Let’s talk a little bit about .NET’s TryParse method. Many types, especially the built in numerics, support it, alongside a Parse. The key difference between Parse and TryParse is that TryParse bakes the exception handling logic in it. Instead of using exceptions to tell you if it can parse or not, it returns a boolean value, instead.

If, for example, you wanted to take an input, and either store it as an integer in a database, or store a null, you might do something like this:

int result;
if (int.TryParse(data, out result)) {
  rowData[column] = result;
} else {
  rowData[column] = DBNull.Value;
}

There are certainly better, cleaner ways to handle this. Russell F. has a co-worker that has a much uglier way to handle this.

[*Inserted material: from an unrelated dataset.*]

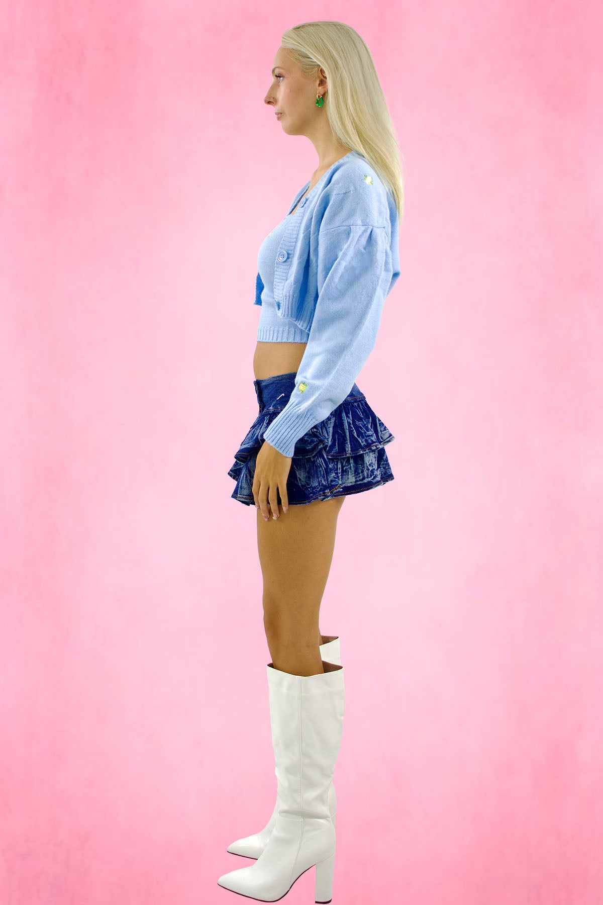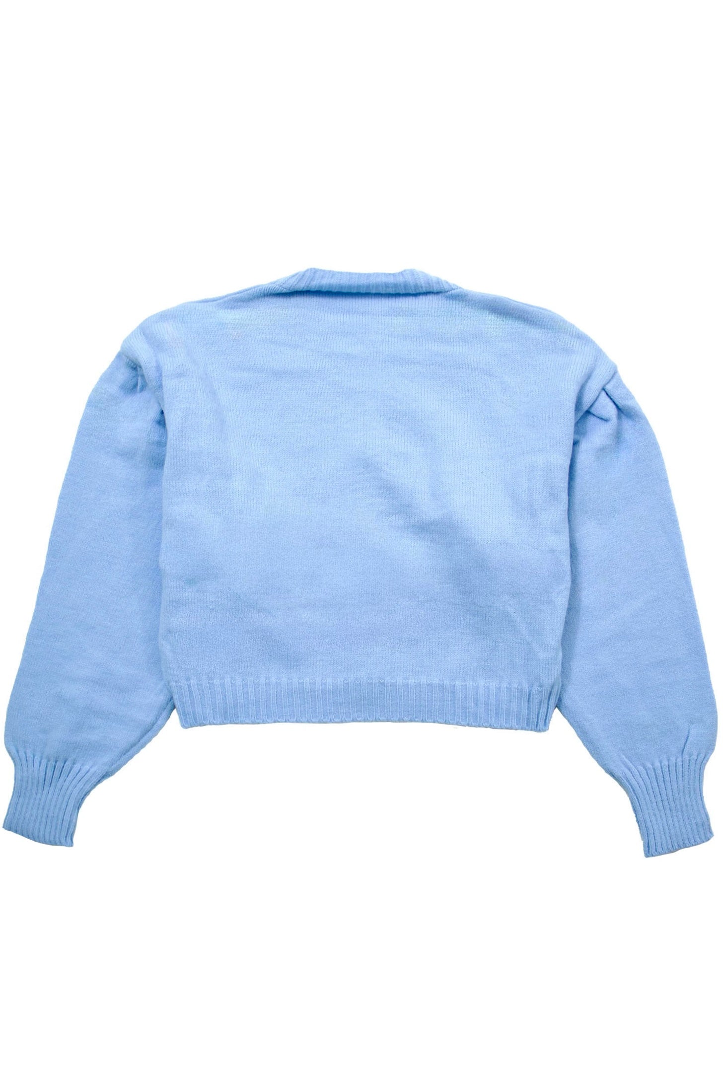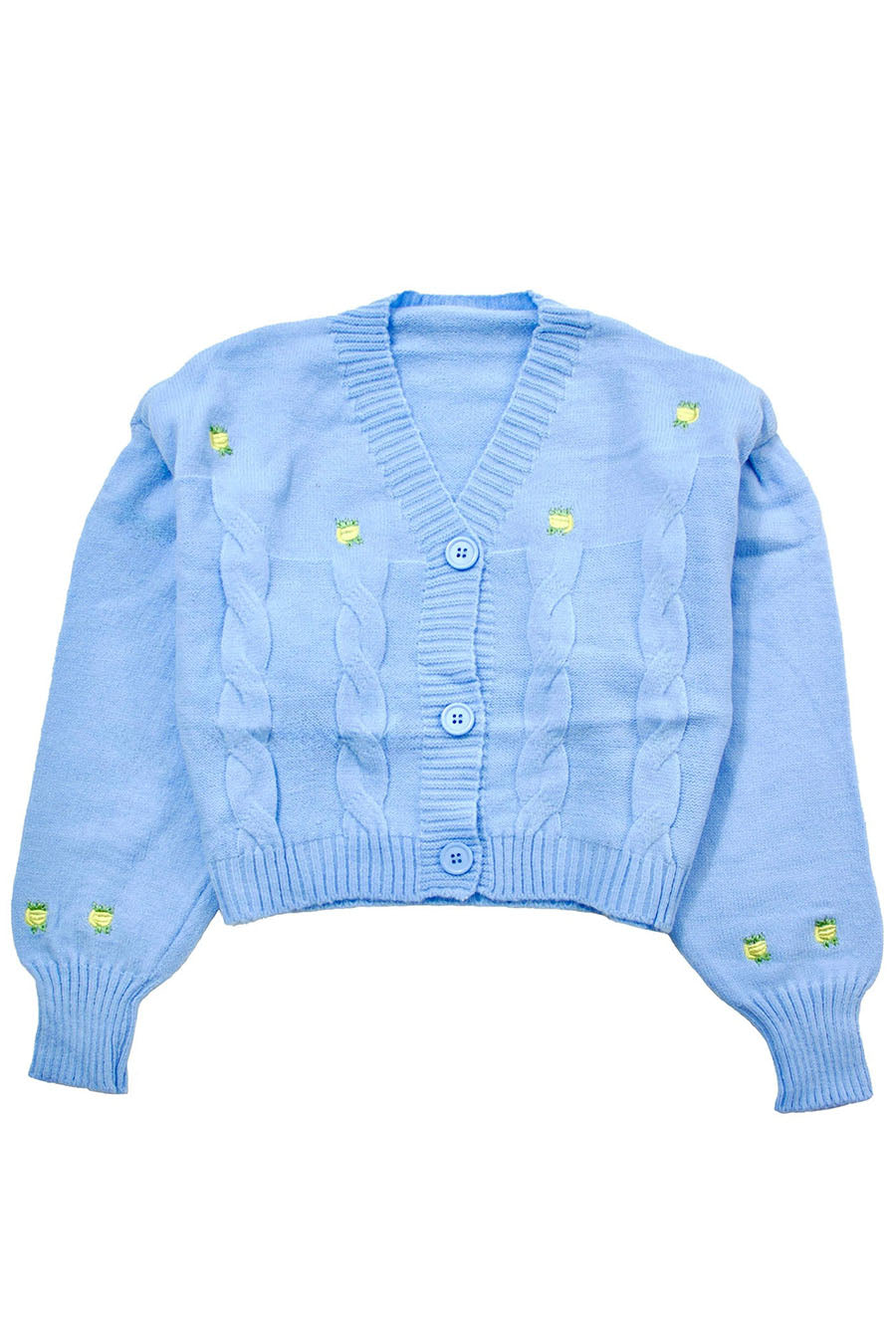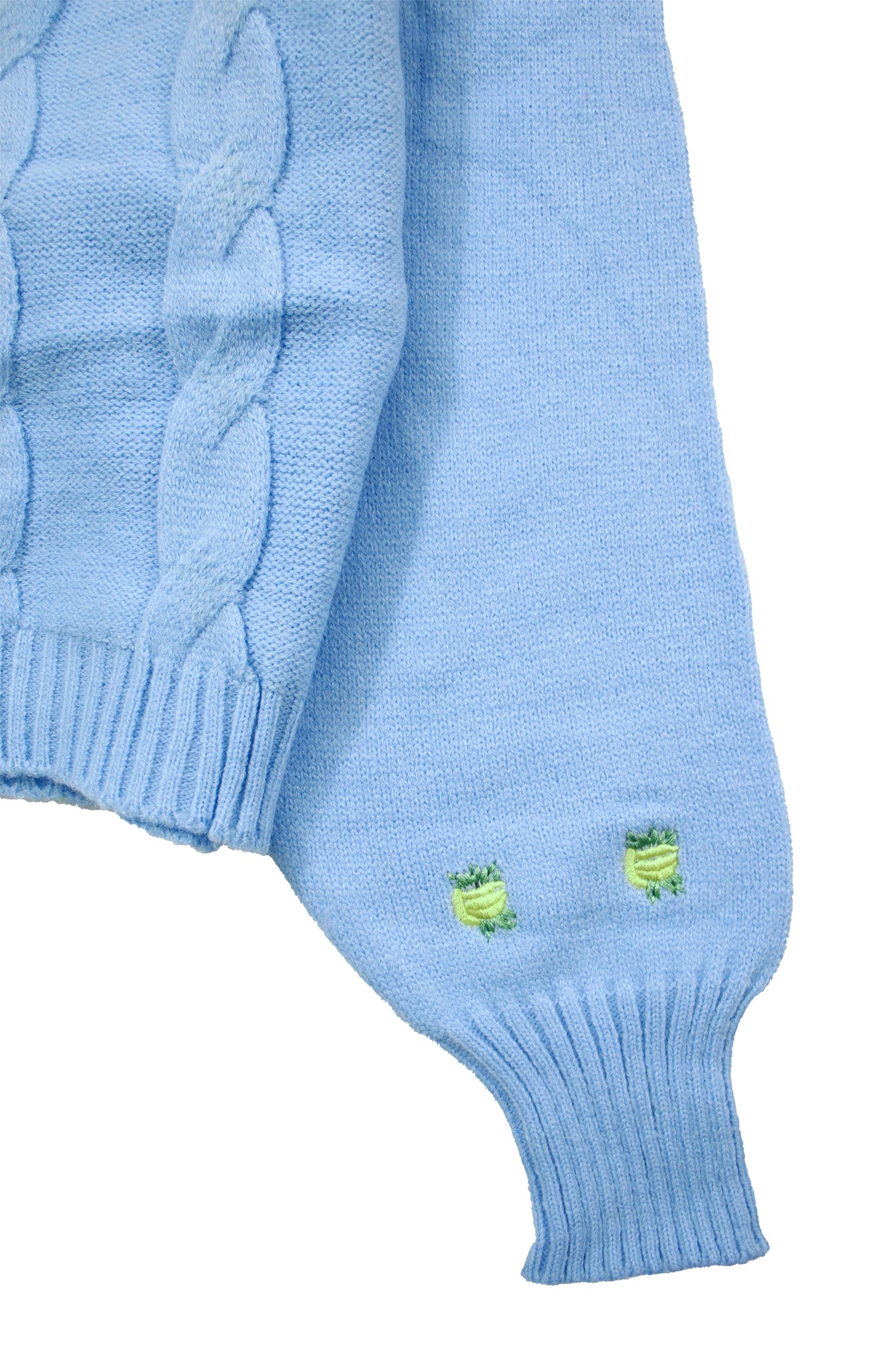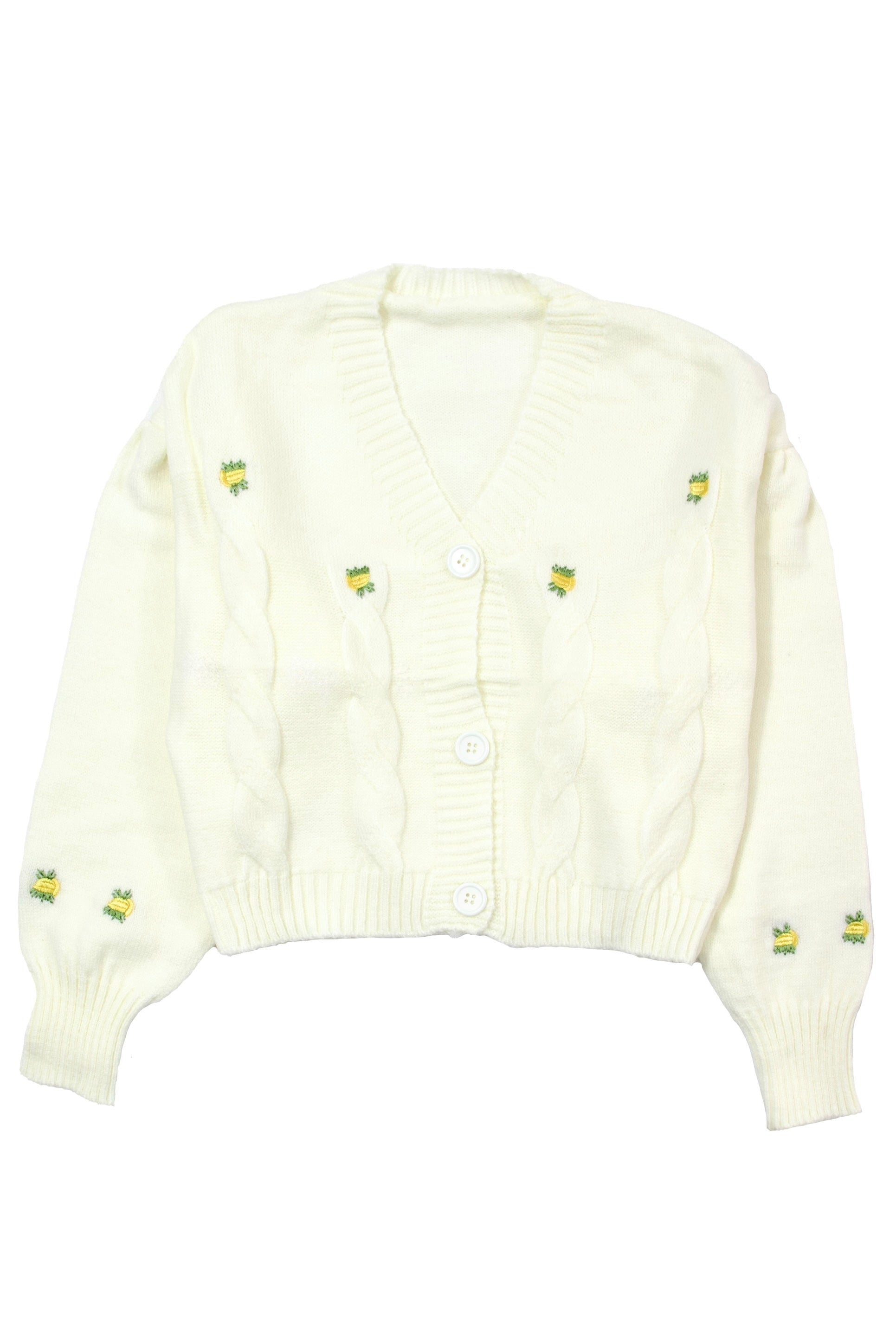V-neck cardigan with yellow flower embroidery motif. Long sleeves with ribbed hem. Front button closure.

private void BuildIntColumns(string data, DataRow rowData, int startIndex, int length, string columnName, FileInfo file, string tableName)
{
    if (data.Trim().Length > startIndex)
    {
        try
        {
            int resultOut;

            if (data.Substring(startIndex, length).Trim() == "" || string.IsNullOrEmpty(data.Substring(startIndex, length).Trim()))
            {
                rowData[columnName] = DBNull.Value;
            }
            else if (int.TryParse(data.Substring(startIndex, length).Trim(), out resultOut) == false)
            {
                rowData[columnName] = DBNull.Value;
            }
            else
            {
                rowData[columnName] = Convert.ToInt32(data.Substring(startIndex, length).Trim());
            }
        }
        catch (Exception e)
        {
            rowData[columnName] = DBNull.Value;
            SaveErrorData(file, data, e.Message, tableName);
        }
    }
}

private void BuildLongColumns(string data, DataRow rowData, int startIndex, int length, string columnName, FileInfo file, string tableName)
{
    if (data.Trim().Length > startIndex)
    {
        try
        {
            int resultOut;

            if (data.Substring(startIndex, length).Trim() == "" || string.IsNullOrEmpty(data.Substring(startIndex, length).Trim()))
            {
                rowData[columnName] = DBNull.Value;
            }
            else if (int.TryParse(data.Substring(startIndex, length).Trim(), out resultOut) == false)
            {
                rowData[columnName] = DBNull.Value;
            }
            else
            {
                rowData[columnName] = Convert.ToInt64(data.Substring(startIndex, length).Trim());
            }
        }
        catch (Exception e)
        {
            rowData[columnName] = DBNull.Value;
            SaveErrorData(file, data, e.Message, tableName);
        }
    }
}

Here’s a case where the developer knows that methods like int.TryParse and string.IsNullOrEmpty exist, but they don’t understand them. More worrying, every operation has to be on a Substring for some reason, which implies that they’re processing strings which contain multiple fields of data. Presumably that means there’s a mainframe with fixed-width records someplace in the backend, but certainly splitting while converting falls is a bad practice.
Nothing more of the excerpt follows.